Adelaide Fringe: Groucho at home in the beautiful Capri Theatre

Dennis Manahan as Groucho. Image: supplied
Dennis Manahan as Groucho. Image supplied

A modest audience saw Adelaide’s wonderful Capri Theatre offer the perfect setting for Groucho, an 80-minute play about the life and times of the inimitable Groucho Marx.

Dennis Manahan handles the iconic role of Groucho with the ardour it deserves and requires. It takes time for Manahan’s performance to be accepted by the audience but once it is, Manahan recreates Groucho’s physicality and nuances well enough to sate the Marx Bros’ informed audience. Although he doesn’t truly come into his own until the second act, slurring his words pitch perfect as the elderly comic.

Anna Burgess is the big surprise of the show. Playing multiple male and female roles including Chico and Harpo Marx, Margaret Dumont, Groucho’s mother Minnie and alcoholic daughter Miriam while employing a range of accents convincingly.

The script does seem confused at times as if not quite sure where it wants to go. An extremely interesting scene between Groucho and Burgess, performing superbly as Charlie Chaplin, entertains possibilities that aren’t fully realised concerning the role of artists in politics – riffing over the top of the issue rather than delving into the core of motivation. This is disappointing especially when considering the author, Neil Cole, was an MP in Victoria for over 10 years.

The show is at its best when using the Marx Bros. own routines and singing some of their most loved songs including ‘Hooray for Captain Spaulding’, ‘Whatever it is, I’m against it’, ‘Dr. Hackenbush’ and ‘Lydia the tattooed lady’. Their talents are timeless and that, above all else, comes through loud and clear. No one needs to be familiar with their oeuvre to be able to enjoy this show although it’s hard to imagine anyone not knowing at least some of their brilliance.

The ending is a little confused and lacks aplomb – it leaves one with the sense that the show hasn’t quite been bedded down yet. Much better use could have been made of the lighting, for instance.

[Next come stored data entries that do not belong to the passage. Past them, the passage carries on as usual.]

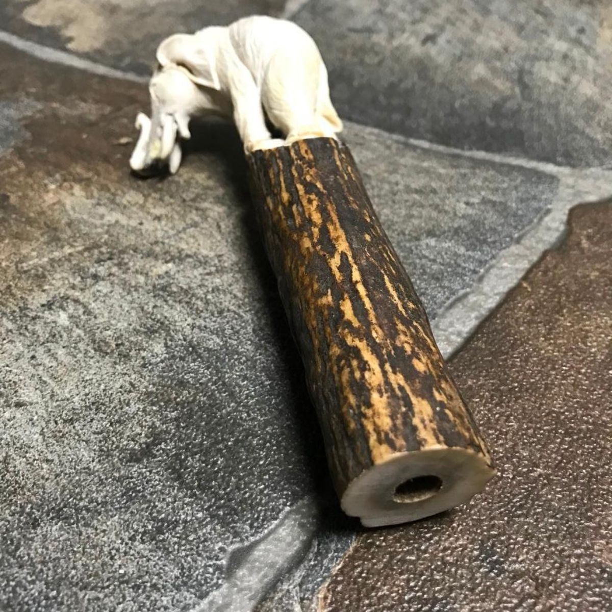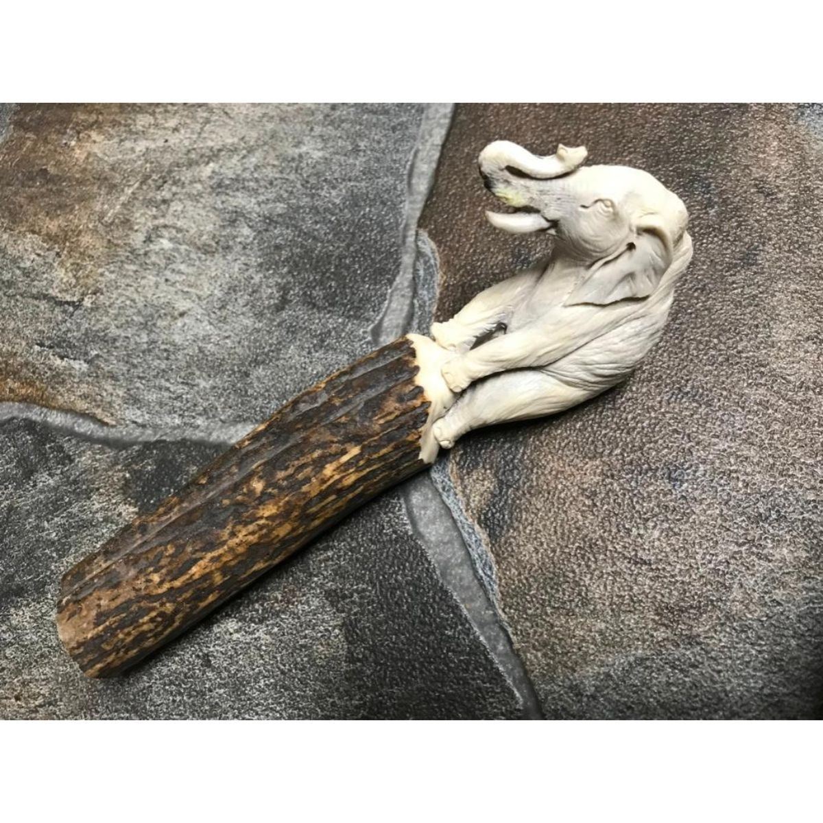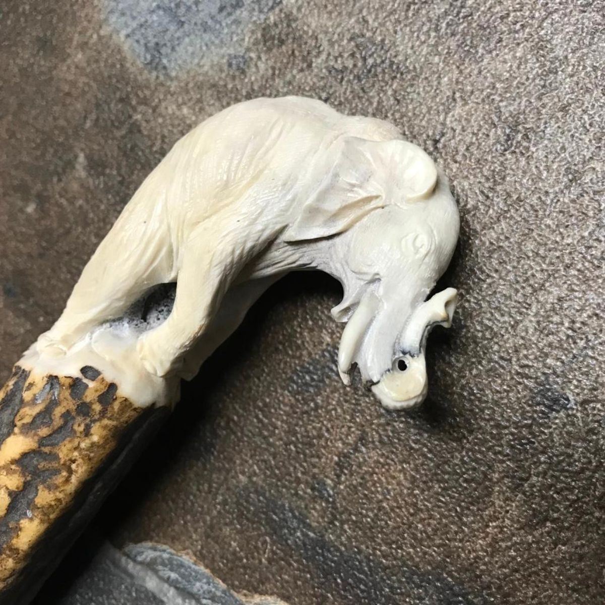 Hand-carved shed deer antler, in the form of an African Elephant, display piece or cane or dagger handle. 6" L X 2 1/2" W.Â
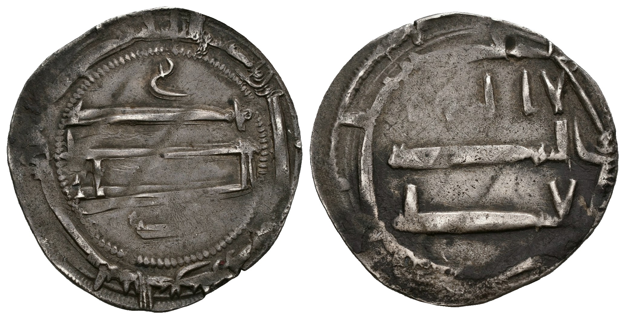 CALIFATO ABASIDA. Dirham (Ar. 2,59g/25mm). 17XH. Al-Abbasiya. Al-Rashid. Citando a Yazid en IIA. MBC. Oxidación en parte de la ceca y fecha. Muy escasa.
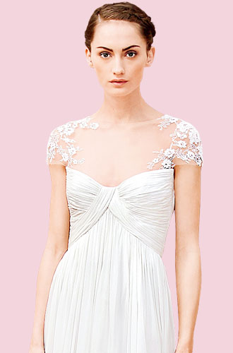 与前两款半透明领婚纱不同,Monique Lhuillier桑蚕丝雪纺绸婚纱完全是用肩部秀在透明薄纱上的花样来点缀整体上是雪纺绸的婚纱。双肩上的花朵仿佛从天上降下,为新娘增添婚礼的祝福。
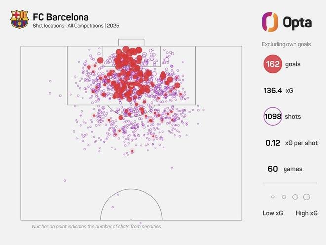 根據(jù)Opta統(tǒng)計的數(shù)據(jù),巴塞羅那在2025年各項賽事(包括烏龍球)的60場比賽中攻入169球,創(chuàng)造了西甲球隊在沒有梅西或C羅的情況下,單年進球數(shù)的新紀(jì)錄。
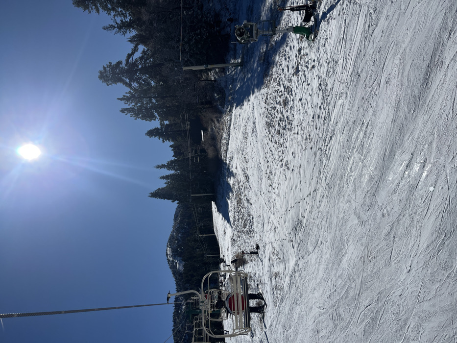 A snowy ski slope ascends beneath a bright sun and clear blue sky. A chairlift with seated skiers runs parallel to the slope. Dense forest flanks the left side of the image, its trees covered in snow. Ski tracks mark the surface of the slope, indicating previous skiers' paths. Some figures on skis are visible on the upper right.
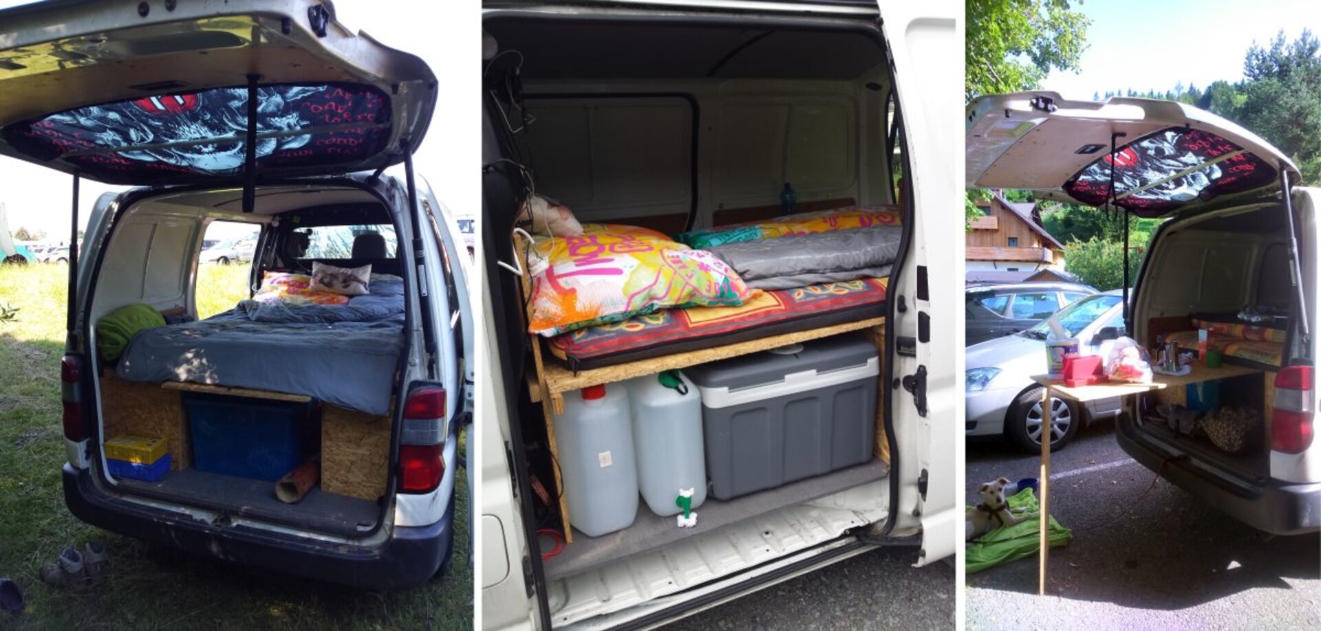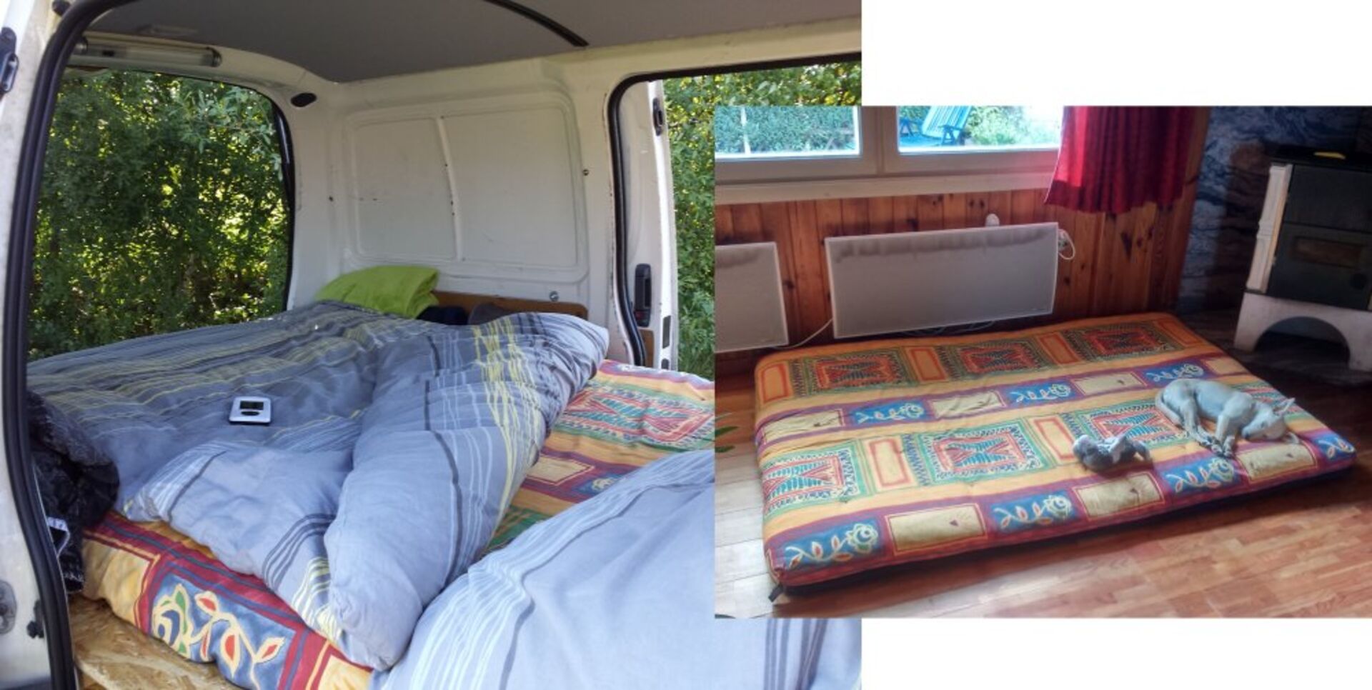 … zumindest ist das meine Anforderung an ein Nachtlager, Niko sah das natürlich aus einem anderen Blickwinkel, und so wurde auch die Funktionalität zu einem wichtigen Auswahlkriterium. Von der "normalen" Matratze über Schaumstoffauflagen und klappbare "Besucher -Ungetüme" kamen wir zu der für uns optimalen Lösung: eine Futonmatratze. Entdeckt im Internet bekamen wir sie auch noch völlig gratis. Nur die Abholung aus der schönen Mondsee-Region mussten wir selbst übernehmen. Sie ist zwar nicht ganz so leicht wie manch andere Matratze, hat aber den Vorteil, dass sie sich ganz einfach zusammenklappen lässt und somit auch als Sofa fungiert. Wir lehnen einen Teil an die Innenseite des Busses und haben so eine bequeme Lehne.
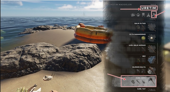 Tüm malzemeleri çantanıza koyun daha sonra klavyenizden ‘C’ harfine basın ardından üretim menüsünden balyoz gibi küçük simgeli (araçlar) olana tıklayın ardından ilkel çapaya tıklayın ve üretilmiş oldu.
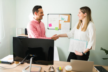 Business partners shaking hands and smiling after closing a deal with a client. Caucasian woman and hispanic man working at the office
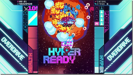 Super Galaxy Squadron was designed to be forgiving to shmup newcomers, being generous with health and providing an easier difficulty curve. It has a hardcore mode where you die in one hit for players looking for a greater challenge.
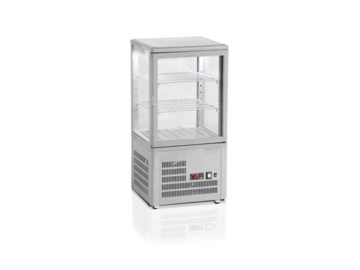 De kleine 58 L 4-zijdige glazen gekoelde vitrine van het merk Iceshop, referentie SC70G, is ontworpen om te voldoen aan de hoge eisen van de horecasector (cafés, hotels, restaurants). Deze compacte oplossing, met een capaciteit van 58 liter, biedt maximale zichtbaarheid voor de te bewaren en tentoongestelde producten, terwijl prestaties, voedselveiligheid en energie-soberheid worden gegarandeerd. Dankzij de vier glazen zijden is deze etalage ideaal om gebakjes, koude drankjes, desserts of sandwiches te tonen bij het verkooppunt of tijdens de receptie. Non Merk: IceShop Model: Petite vitrine réfrigérée 4 faces vitrées 58 L Gris Totaal netto inhoud: 58l Kleur: Grijs Lengte: 42.7cm Breedte: 38.4cm Hoogte: 85.5cm Materiaal: Roestvrij staal, acryl, polycarbonaat
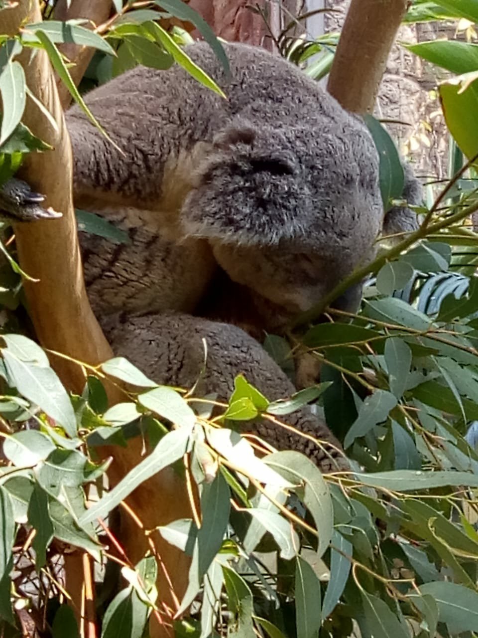 So my sis sends me pics from her trip and this one travels in where my core is: Koala bear burrowing in shade, in foliage, feeding on what Koala knows best,

Still, it is a joy to see the Marx Bros. musical numbers and comedy routines performed live on stage. The material the actors, writer and director have to work with make it hard to fail and in the end they don’t. It’s a show worth seeing whether you’re a Marx Bros. aficionado or simply want to enjoy a show worth your money during The Fringe.

Groucho deserves more than its 2 performances and certainly a greater audience.

One thought on “Adelaide Fringe: Groucho at home in the beautiful Capri Theatre

  • I for one was in the audience on Friday at the Capri Cinema and thoroughly enjoyed the Groucho show. Dennis Manahan’s stamina was supreme and his on stage aging was a delight to behold. To move around the stage with bent knees in the Groucho croucho stance would have been arduous at best. Anna Burgess’ multi-part performance was exemplary and encapsulated each character wonderfully. Her many accents used and not mixing one with the other, effortless. In some parts of the play the timing was a bit out but that comes with the smoothing effect of many performances. The cheque writing scene for instance was almost without dialogue. Some fill-in mumblings would have helped with continuity. All in all a worthwhile play to attend. And chatting with the performers after the show was a pleasure. Full marks must also go to the producer Tanje Ruddick of Cornerstone Productions based in Melbourne. Tanje was also handling the lighting and sound and other off-stage technicals. And as for the venue, I’m speechless. It is a classic art deco cinema/theatre, complete with a Wurlitzer pipe organ fitted out with percussion instruments and many ranks of pipes set behind glass. Well done everybody.